Great job Mike, truly beautiful work!


----------



## Leatherneck (Dec 14, 2008)

thats just awesome work Mike. Very beautiful.
love the finish. :thumbsup:


----------



## Chad (May 10, 2009)

Looks awesome, great job.


----------



## Daren (Oct 14, 2006)

Sweet !


----------



## Kenbo (Sep 16, 2008)

WOW!!! 
That is some seriously nice looking box Mike. Forget you little brother, I want one. :laughing: Great job.
By the way, how did you get the perfect corners cut on the lathe. Mine usually come out rounded. :laughing:
Ken


----------



## thekctermite (Dec 23, 2007)

Kenbo said:


> By the way, how did you get the perfect corners cut on the lathe. Mine usually come out rounded.

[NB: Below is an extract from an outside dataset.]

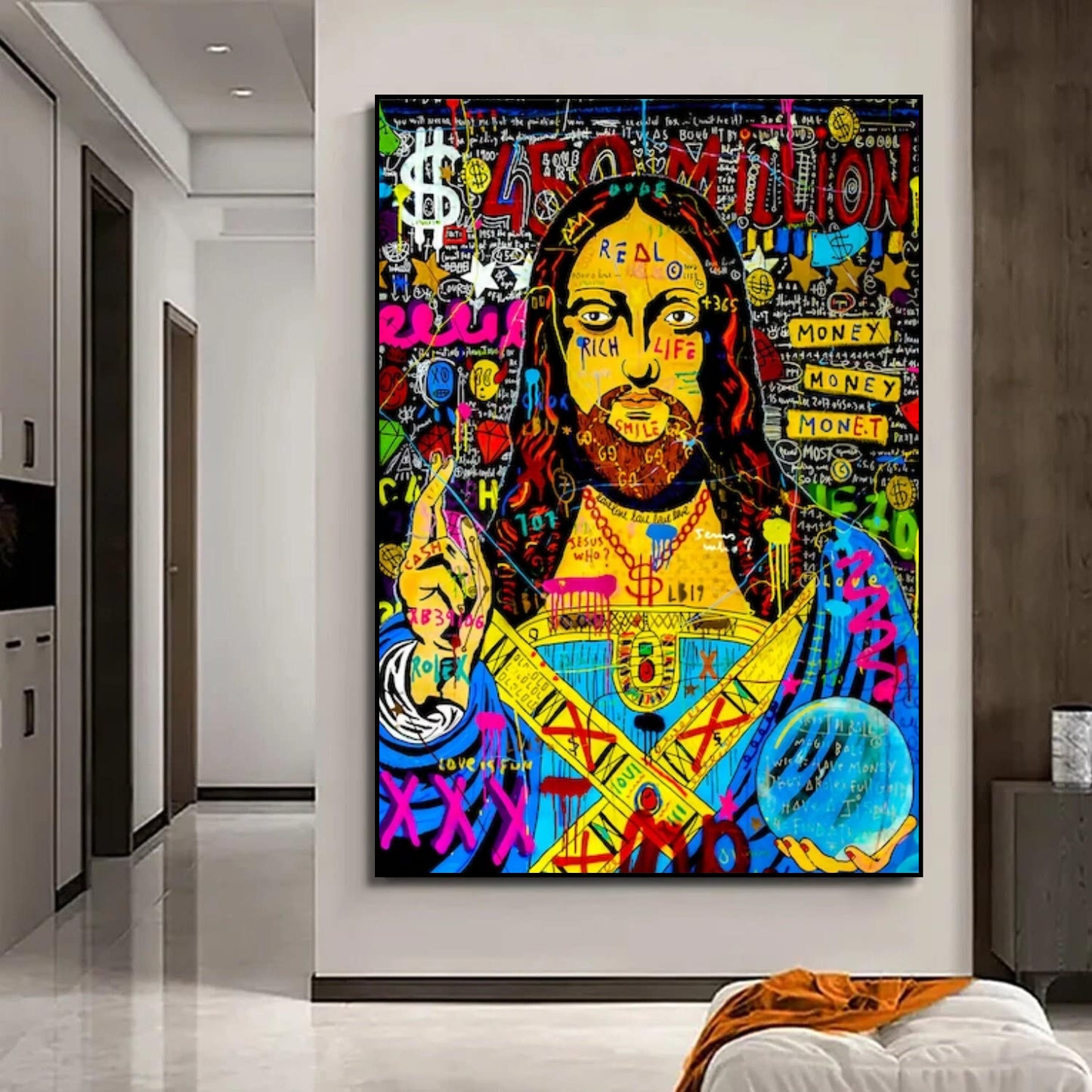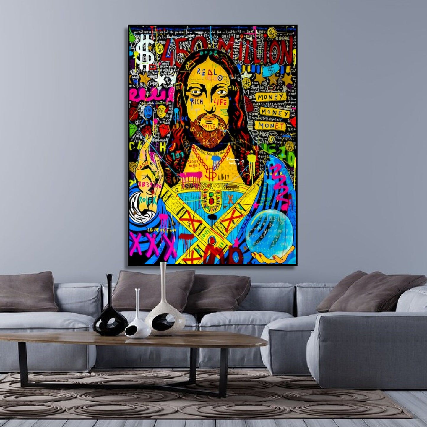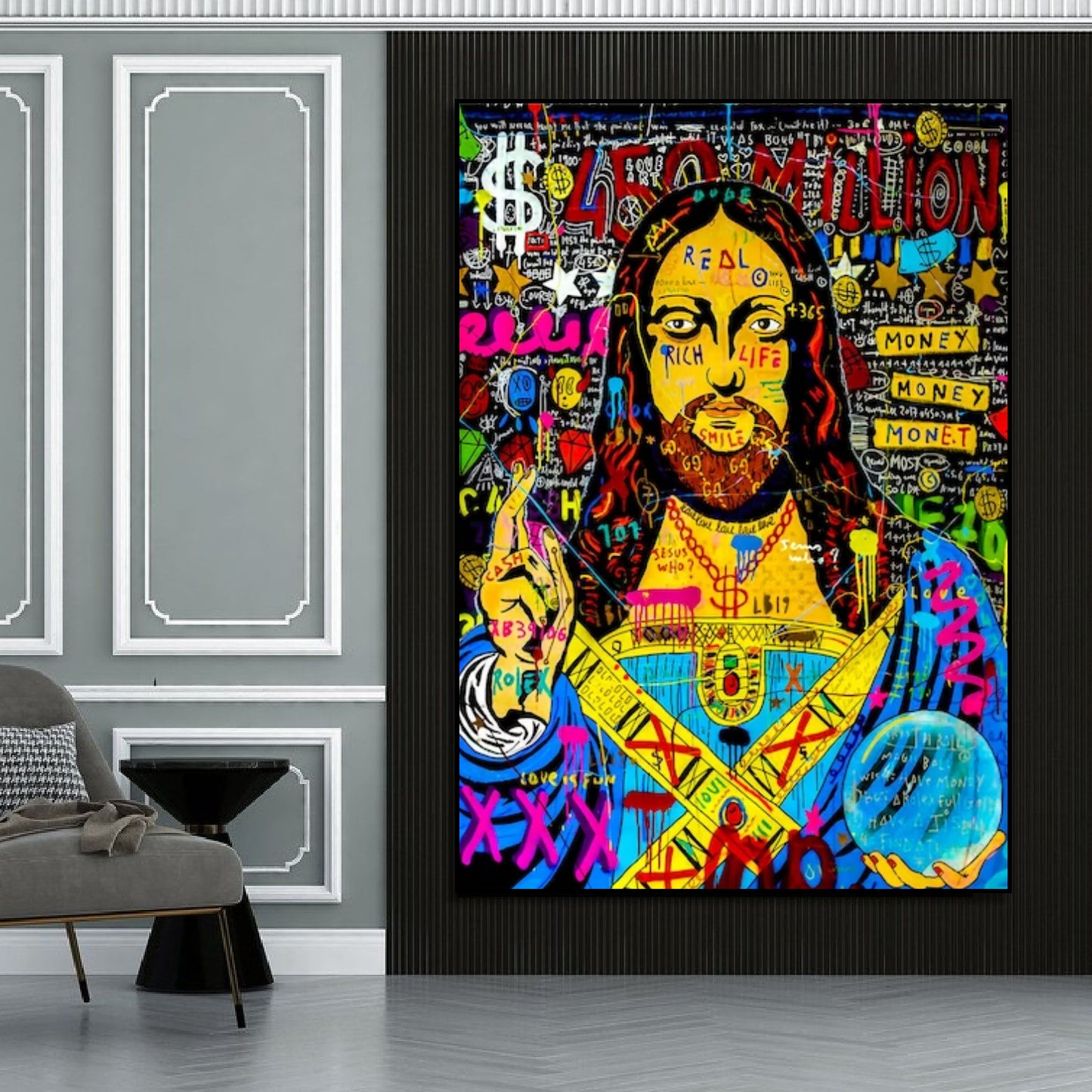 Jesus Multicolour Banksy Style Graffiti Oil Painting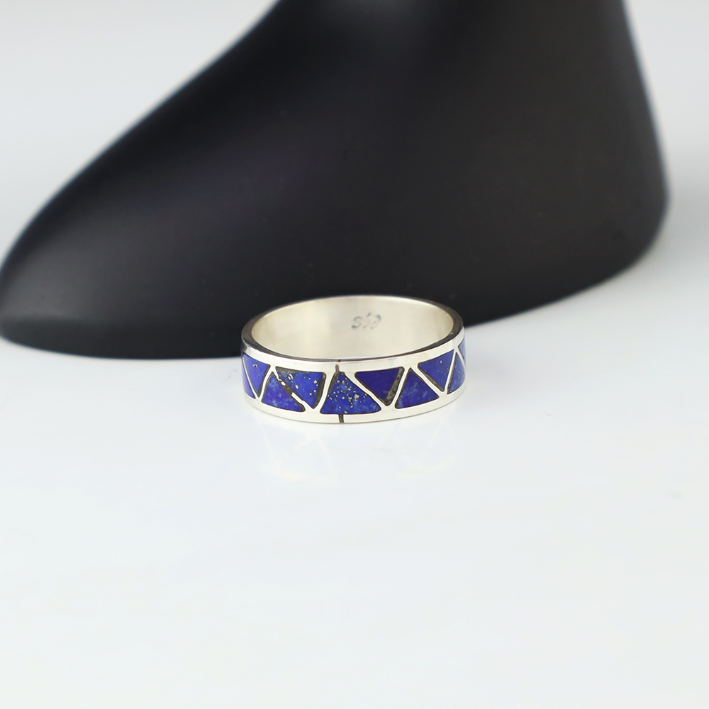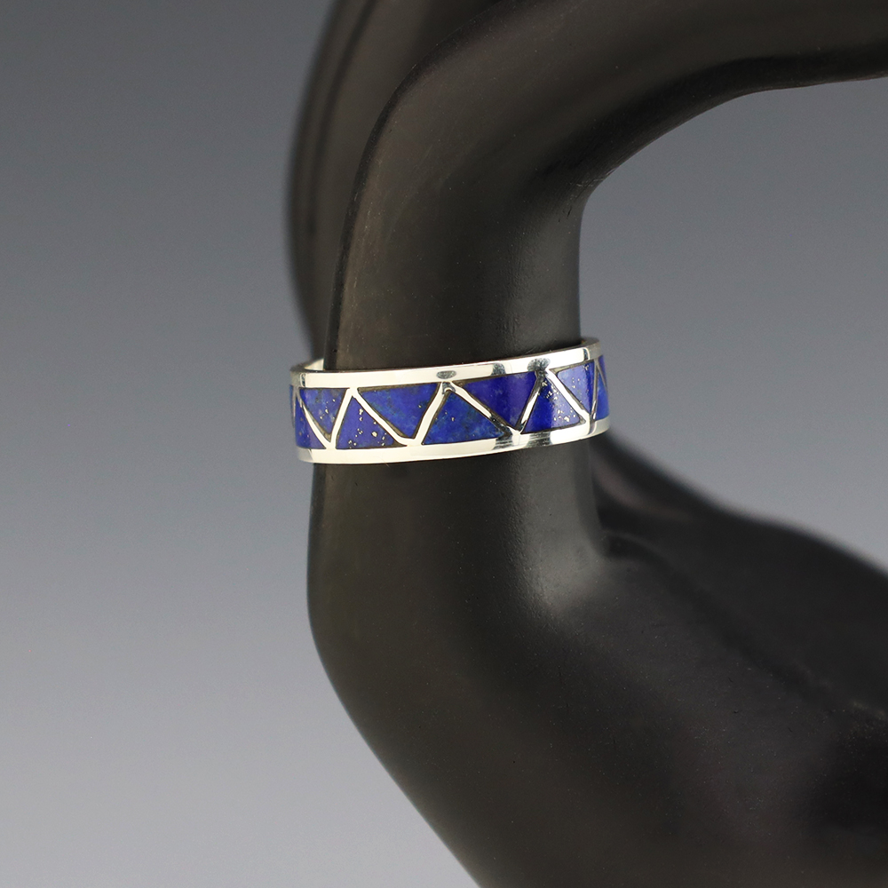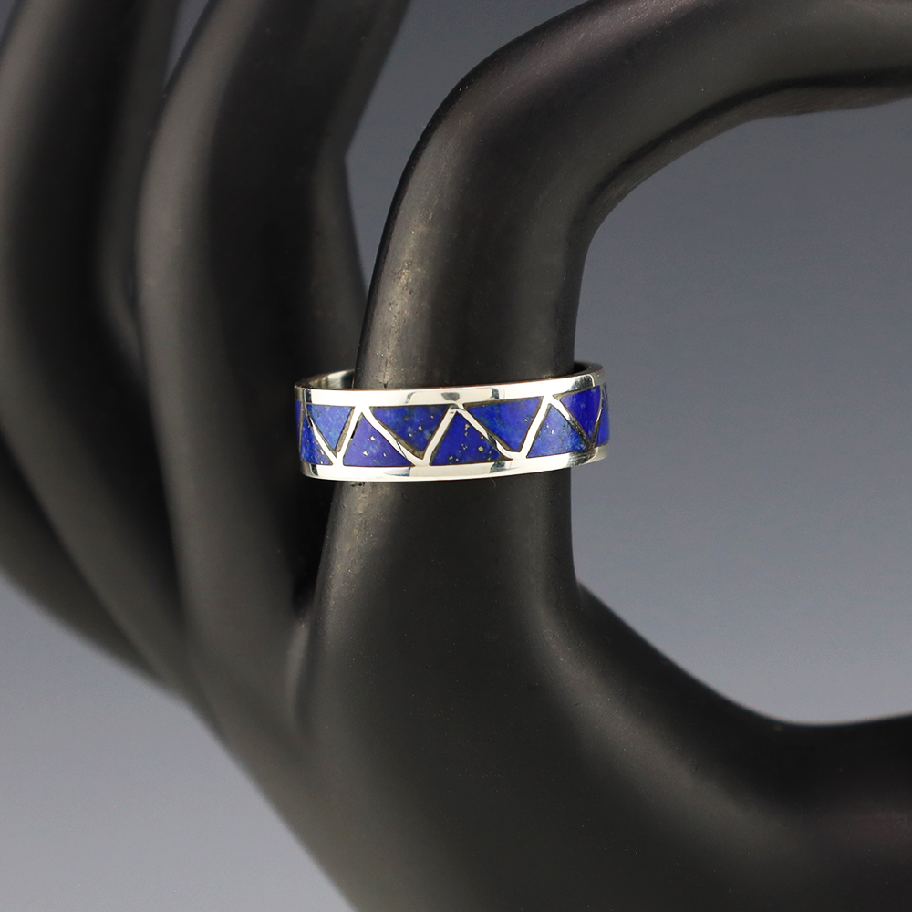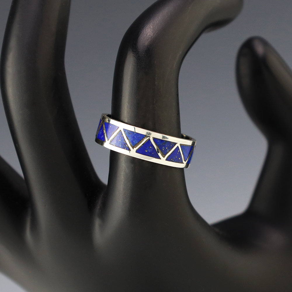 Zuni artists are known for their fine lapidary skills. Each stone is hand cut, polished, and set into a sterling silver setting. The ring is set with Lapis stones. Hand made by Zuni artist Charlene Sice. Weighs 4 grams. Size 8 1/2. Signed

Agreed, that's some fancy skew chisel work! :laughing:

Everything about that humidor just looks right! :thumbsup:


----------



## slatron25 (Dec 18, 2007)

Excellent work Mike. It's beautiful.


----------



## firehawkmph (Apr 26, 2008)

Thanks guys,
I have been watching it the last few days since putting the humidifier in there. The humidity has been staying in the low to mid 70's. I had to shave a few pieces of the spanish cedar so it wasn't binding. I am going out now to slot the four screwholes holding the top piece of cedar to the lid. The cedar is bowing slightly from expanding. This is the first time I have made something and than introduced moisture to it after the fact. 
Mike Hawkins


----------



## ihackwood (Sep 5, 2009)

that is awesome, i smoke mine up to fast, it would'nt humidor enough.


----------